Life is just like the movies for me.
Some things are supposed to be a part of the script, some of the things aren't.
Sometimes it's a great movie, and sometimes you want to walk out before it's half through.
Sometimes it makes you re-think things, and sometimes it makes you laugh. At times it could make you cry. And it will and it does.
Sometimes, you become so caught up in the movie nothing else can reach you.
And certain scenes you keep reliving over and over again.
For some people, they're the lead actress or actor. For others, they're in the audience watching. I wish I knew where my place was these days.
Everything I do...always seems so fake. My plastered on smiles. My store bought laughter.
It seems as if, I'm always acting. I don't ever know whats real anymore.
Sometimes I'm caught up in the feeling of the movie. So caught up in my emotions, pulled so far into my life. Into myself. And everything goes smoothly and the production is outstanding. Everything goes as planned, and everything kept strictly to the script. And I keep screaming at the lead actress. I keep yelling at the screen. But it's the movies...
No one hears my silent screams. No one ever sees my tears in the back of the theatre. No one knows.
Sometimes the movie doesn't stay on track like it should. And people, they get in a rush and they just...
They just fuck everything up.
And the script is thrown away and everything is impromptu from there on.
Jason's death...that wasn't a part of the script. But just like everything else...everyone does what they're supposed to. On cue, tears spring forth. Emotions are stirred.
But it's all fake. The screams, the tears, the horror, the disbelief. It all feels so foreign to me. Yet my reactions are natural. I've been almost institutionalized through my position in the production of the movie.
The memories of my early childhood are always full of laughter and there's always a smile lingering somewhere. And as the memories wear on, they become overshadowed by the darker ones. The music in the background always befitting, the smell of tears always faint in the air.
My memories are like commercials, ads for the movie. One of my favorites are flashbacks with my daddy pushing me in a swing when I was six. Or maybe one with a voice over as the camera pans across my body beneath the fan. My head turned slightly to the side, while I tell you about my troubles.

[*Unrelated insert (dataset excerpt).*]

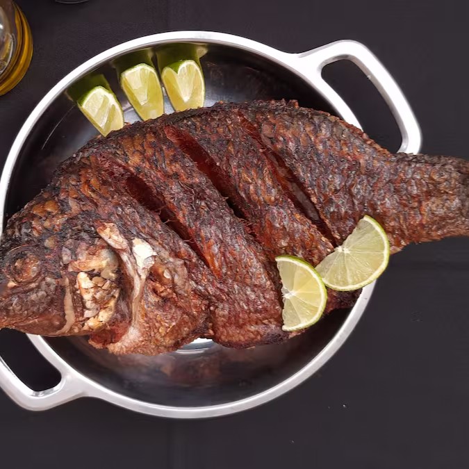 Acompanha: Feijão fradinho, arroz, carne seca desfiada, queijo coalho e tilápia frita.

And when the movie is over, I exit the theatre and once again there's that hollow feeling. And I'll go home and I'll hear the commercials fading through from mother's room. And I'll re-live the movie once more while I lay beneath the fan and tell you all about my troubles.
Maybe one day I'll win a prestigious award for my performance. Or maybe I'll be left with a ticket stub because I stayed back in the audience.
Where are you in the dark crowd of faces in the packed cinema?